2. D’autre part, aux termes de l’article R. 600-1 du code de l’urbanisme : « En cas de déféré du préfet ou de recours contentieux à l'encontre d'un certificat d'urbanisme, ou d'une décision relative à l'occupation ou l'utilisation du sol régie par le présent code, le préfet ou l'auteur du recours est tenu, à peine d'irrecevabilité, de notifier son recours à l'auteur de la décision et au titulaire de l'autorisation. Cette notification doit également être effectuée dans les mêmes conditions en cas de demande tendant à l'annulation ou à la réformation d'une décision juridictionnelle concernant un certificat d'urbanisme, ou une décision relative à l'occupation ou l'utilisation du sol régie par le présent code. L'auteur d'un recours administratif est également tenu de le notifier à peine d'irrecevabilité du recours contentieux qu'il pourrait intenter ultérieurement en cas de rejet du recours administratif. La notification prévue au précédent alinéa doit intervenir par lettre recommandée avec accusé de réception, dans un délai de quinze jours francs à compter du dépôt du déféré ou du recours. La notification du recours à l'auteur de la décision et, s'il y a lieu, au titulaire de l'autorisation est réputée accomplie à la date d'envoi de la lettre recommandée avec accusé de réception. Cette date est établie par le certificat de dépôt de la lettre recommandée auprès des services postaux. Les dispositions du présent article ne sont pas applicables en cas de contestation d'un permis modificatif, d'une décision modificative ou d'une mesure de régularisation dans les conditions prévues par l'article L. 600-5-2 ».

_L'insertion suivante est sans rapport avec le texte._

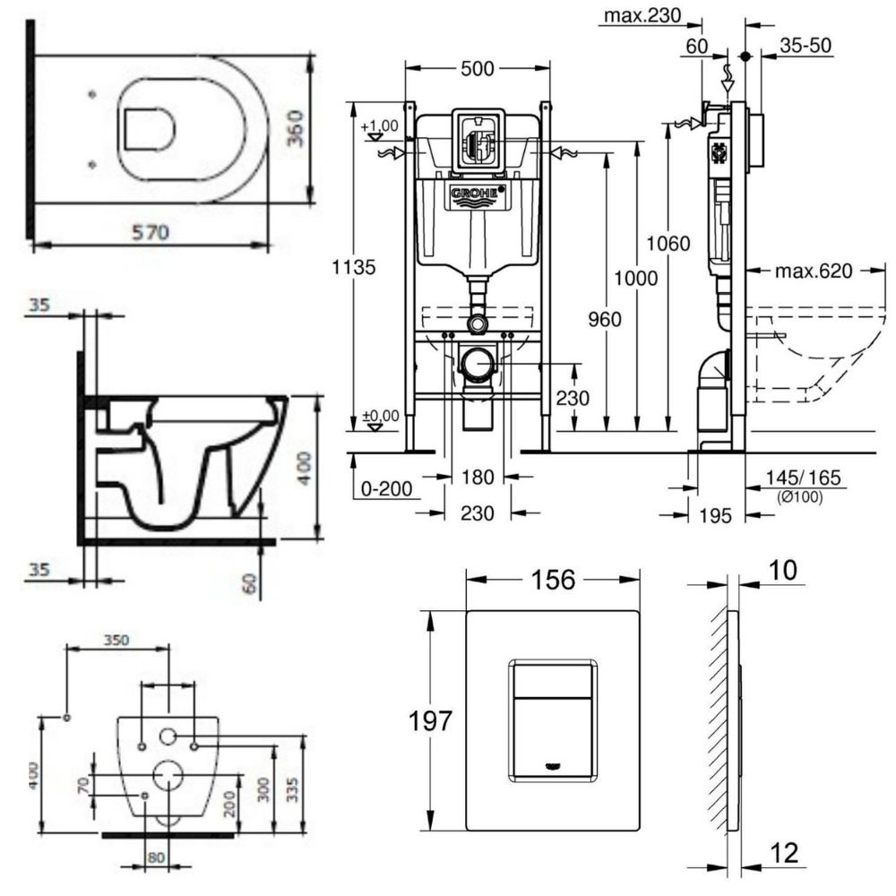 - Grohe RAPID SL Project bâti support autoportant pour WC, 1.13 M (39145000)
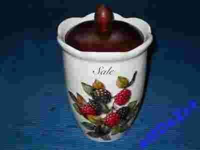 Ceramiczny pojemnik na sól o wysokości = około 19cm z drewnianą przykrywką z kolekcji "Frutti di Bosco" włoskiego koncernu "Nuova Cer" powstałego i istniejącego od 1992r. w Umbertide, małej wiosce w sercu zielonej Umbrii :)

3. Il appartient au juge de rejeter le recours comme irrecevable, lorsque son auteur, après y avoir été invité par lui, n'a pas justifié de l'accomplissement dans les délais impératifs imposés par les dispositions précitées, des formalités requises par l'article R. 600-1 du code de l'urbanisme par la production d’une copie du certificat de dépôt des lettres recommandées adressées à l'auteur de la décision contestée et au titulaire de l'autorisation.

4. Le recours contentieux exercé par M. B... entre dans le champ d’application des dispositions de l’article R. 600-1 du code de l’urbanisme cité ci-dessus. Par un courrier du 16 février 2026, le greffe du tribunal a invité le requérant à régulariser sa requête dans un délai de quinze jours en apportant la preuve de ce qu’il avait procédé, dans le délai imparti, aux formalités de notification du recours contentieux prévues par cet article.

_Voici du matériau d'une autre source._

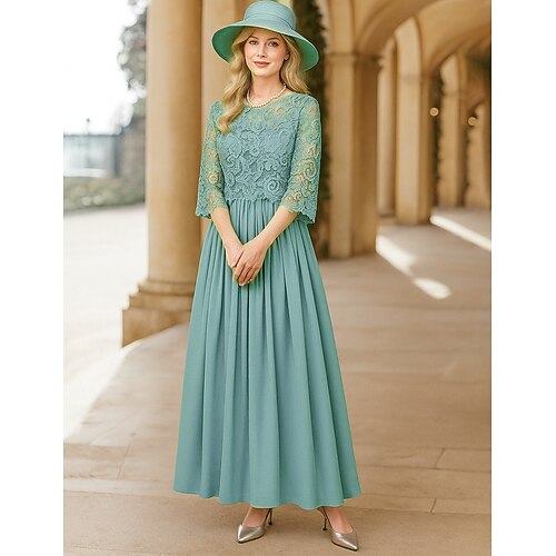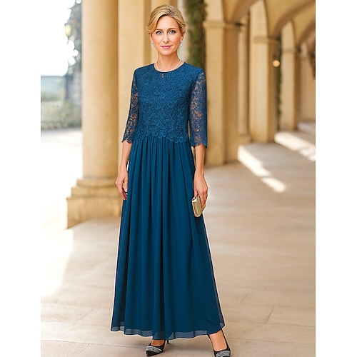 Abito da Ospite di Nozze A-Line di Lunghezza Piena Abiti Formali Abito da Sera Abito per Madre della Sposa Manica 3/4 Collo Rotondo Elegante Formale in Pizzo con Colore Solido
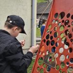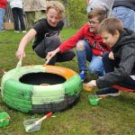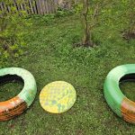 Īsts radošais piedzīvojums bija arī sociālo zinību, kultūras un mākslas skolotājas Ilvas Dūmiņas vadītā riepu un soliņu apgleznošanas darbnīca.
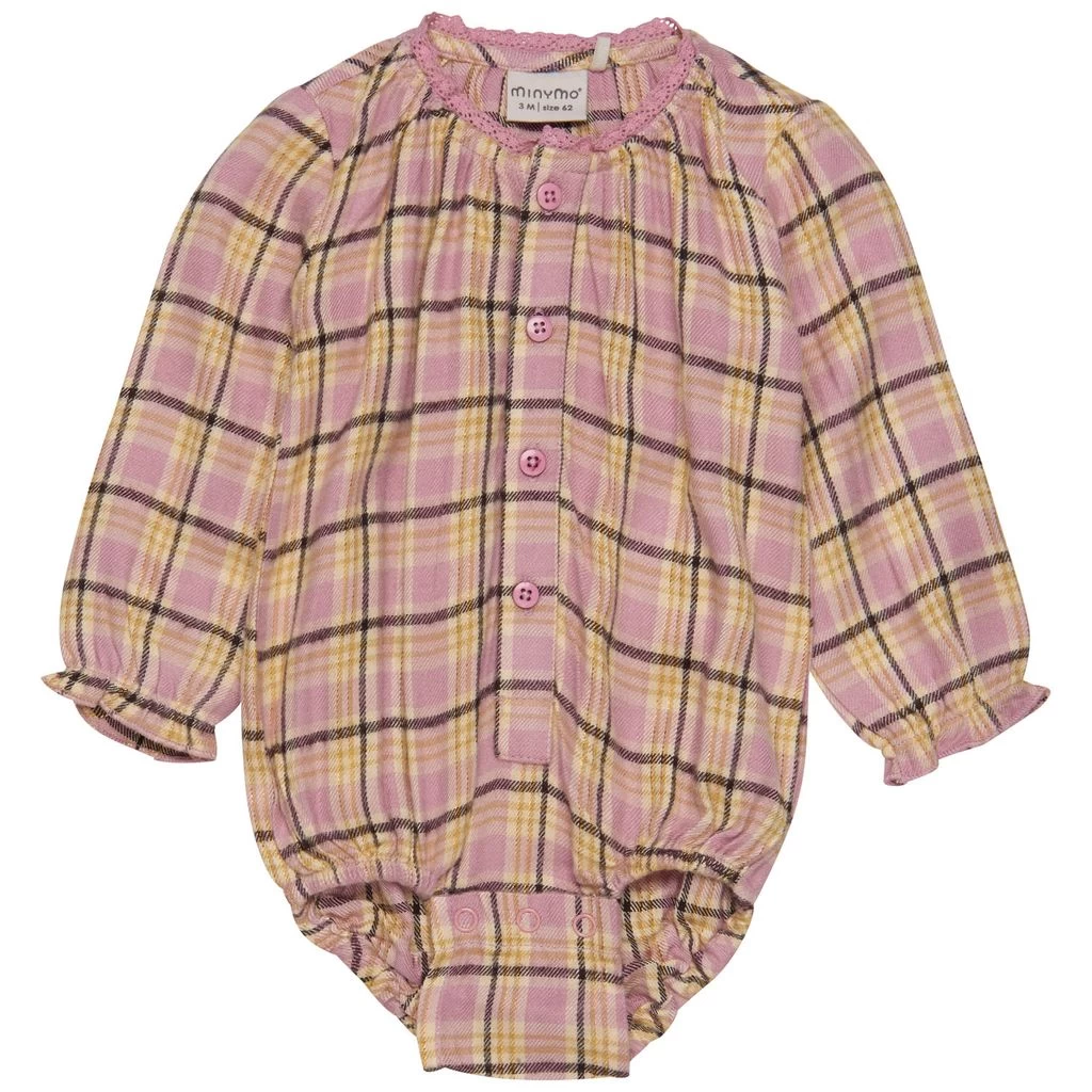 A perfect and fashionable look. Pink romper by Minymo. The romper has a checked pattern. It has a button placket at the front, a snap button closure between the legs, an embroidered detail on the neckline and elasticated cuffs.
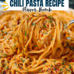 - Garnish and serve: Garnish the pasta with extra chili crisp and fresh parsley before serving for added flavor and color.
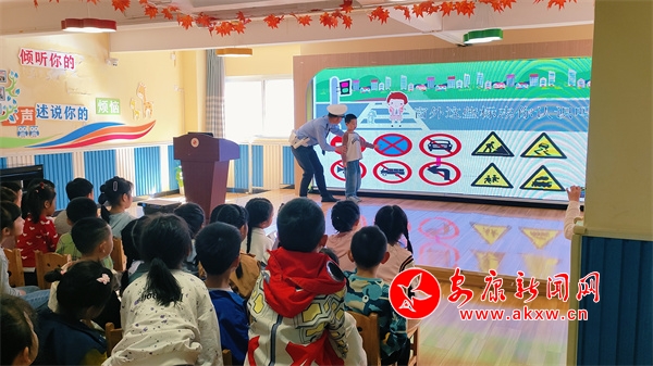 活動(dòng)中,民警用生動(dòng)有趣的語(yǔ)言為小朋友講解了安全行走、安全過(guò)馬路、安全乘車(chē)以及正確佩戴安全頭盔、系好安全帶、認(rèn)識(shí)交通標(biāo)志標(biāo)識(shí)等基本的交通安全知識(shí)。同時(shí),通過(guò)現(xiàn)場(chǎng)互動(dòng)、你問(wèn)我答的方式,向?qū)W生們講解闖紅燈、橫穿馬路、多人騎乘摩托車(chē)等不文明交通行為的危害。最后,民警現(xiàn)場(chǎng)教學(xué)交通指揮手勢(shì),加深小朋友對(duì)交通安全常識(shí)的理解與記憶,引導(dǎo)他們從小樹(shù)立安全出行的理念,增強(qiáng)安全意識(shí),自覺(jué)遵守交通法規(guī)。
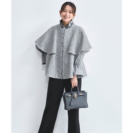 羽織るだけでサマになる、上品な印象のツイードケープジャケット。

5. En réponse à cette demande de régularisation, M. B... a produit la copie d’un courrier électronique adressé par ses soins le 31 janvier 2026 à plusieurs personnes dont certains conseillers municipaux de la commune, mais dont il ne ressort pas des pièces du dossier qu’elle aurait été adressée au maire de Gramont. Par ailleurs, ce courrier électronique était intitulé « re : demande d’information » et, si M. B... y indique qu’il a déposé un recours contre le permis de construire attaqués et que les destinataires pourront en prendre en connaissance en pièce jointe, il ne ressort pas des pièces du dossier qu’une pièce jointe était annexée à ce courrier. Dès lors, l’envoi de ce document ne représente pas une garantie équivalente à celles exigées par l'article R. 600-1 du code de l’urbanisme, qui impose la notification du recours contentieux par la voie d’un courrier recommandé avec accusé de réception. Dans ces conditions, la demande de M. B... ne satisfait pas aux exigences de l’article R. 600-1 du code de l’urbanisme précités. Elle est par suite irrecevable et doit, par suite, être rejetée en application des dispositions précitées du 4° de l’article R. 222-1 du code de justice administrative.










O R D O N N E :


Article 1er : La requête de M. B... est rejetée.

Article 2 : La présente ordonnance sera notifiée à M. A... B....

-Copie en sera adressée à la commune de Gramont.


Fait à Toulouse, le 4 mars 2026.


Le président de la 3ème chambre,





P. GRIMAUD






La République mande et ordonne au préfet de Tarn-et-Garonne en ce qui le concerne ou à tous commissaires de justice à ce requis, en ce qui concerne les voies de droit commun contre les parties privées, de pourvoir à l'exécution de la présente décision.